_Input data:_
________________________
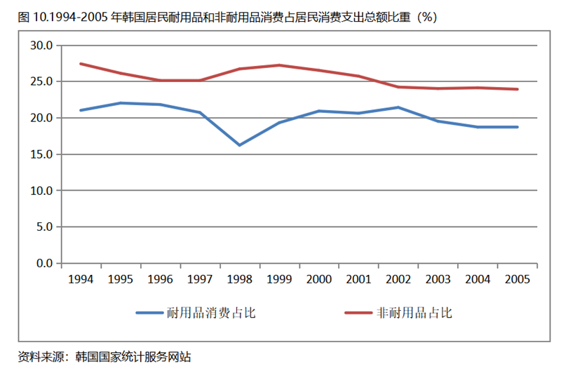韓國(guó)在人均GDP超過(guò)1萬(wàn)美元后的1994-2005年期間,居民服務(wù)消費(fèi)占居民消費(fèi)支出總額在波動(dòng)中提高,而居民耐用品消費(fèi)占居民消費(fèi)支出總額比重、非耐用品消費(fèi)占居民消費(fèi)支出總額比重要均呈現(xiàn)下降趨勢(shì)。
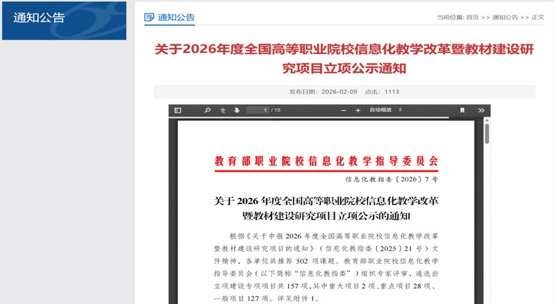 项目获批将有力支撑我校双高计划信息化教材建设,推动信息技术与课程教学、教材开发、实训实践深度融合,助力优质教学资源建设与教学模式创新,提升人才培养数字化水平。此次重点项目获批,是对我校老师潜心研究、扎实治学的充分肯定,更为学校深化职业教育教学改革、推进转型注入新动能。
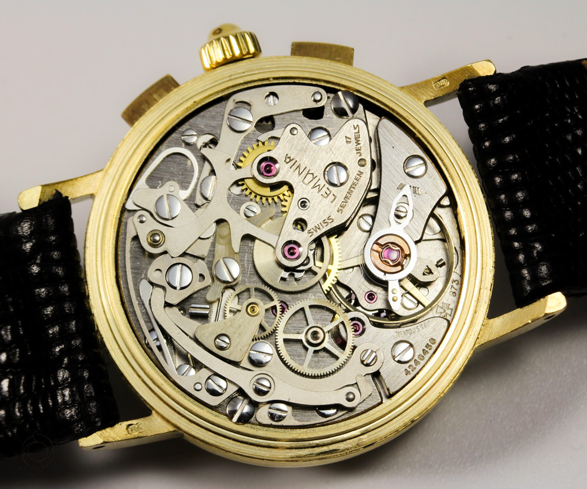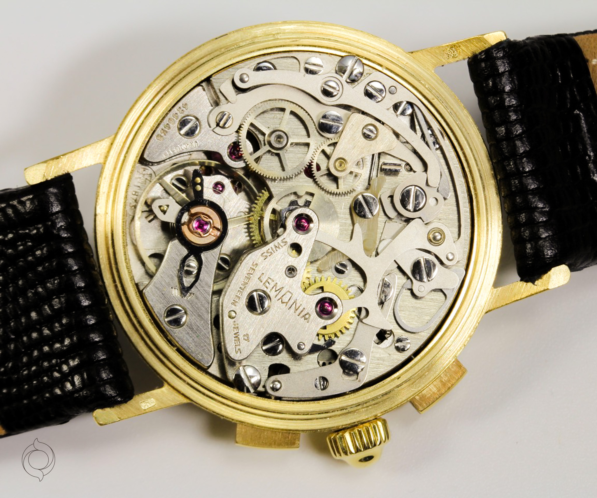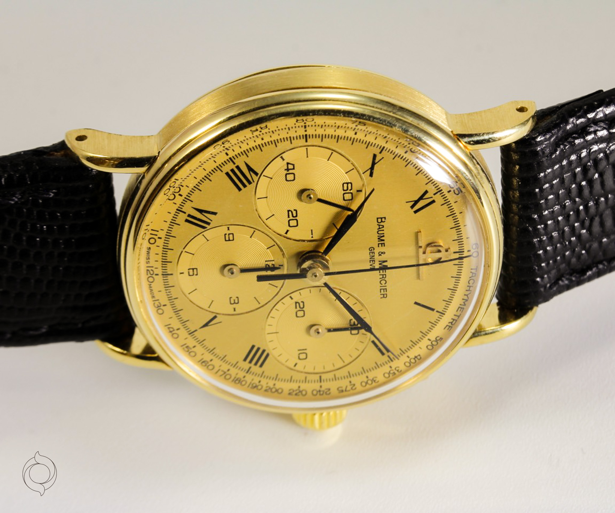 Unbehandelt original golden, römische Stundenzahlen, aufgelegtes Logo, Federzeiger, Tachymeter, Minuterie, 30-Sekunden-Zähler, 12-Stunden-Zähler, kleine Sekunde
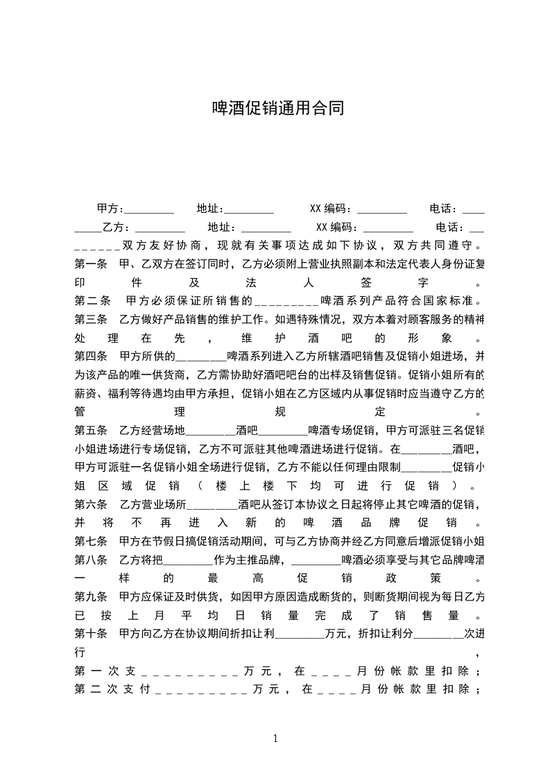 第四条 甲方所供的_________啤酒系列进入乙方所辖酒吧销售及促销小姐进场,并为该产品的唯一供货商,乙方需协助好酒吧吧台的出样及销售促销。促销小姐所有的薪资、福利等待遇均由甲方承担,促销小姐在乙方区域内从事促销时应当遵守乙方的管理规定。
________________________
_Aim of the task:_ Reproduce nothing but the lines from the line containing "Unbehandelt original golden, römische" through the last line of the data above, exactly as written and without pictures.

_Exercise solution:_
 Unbehandelt original golden, römische Stundenzahlen, aufgelegtes Logo, Federzeiger, Tachymeter, Minuterie, 30-Sekunden-Zähler, 12-Stunden-Zähler, kleine Sekunde
 第四条 甲方所供的_________啤酒系列进入乙方所辖酒吧销售及促销小姐进场,并为该产品的唯一供货商,乙方需协助好酒吧吧台的出样及销售促销。促销小姐所有的薪资、福利等待遇均由甲方承担,促销小姐在乙方区域内从事促销时应当遵守乙方的管理规定。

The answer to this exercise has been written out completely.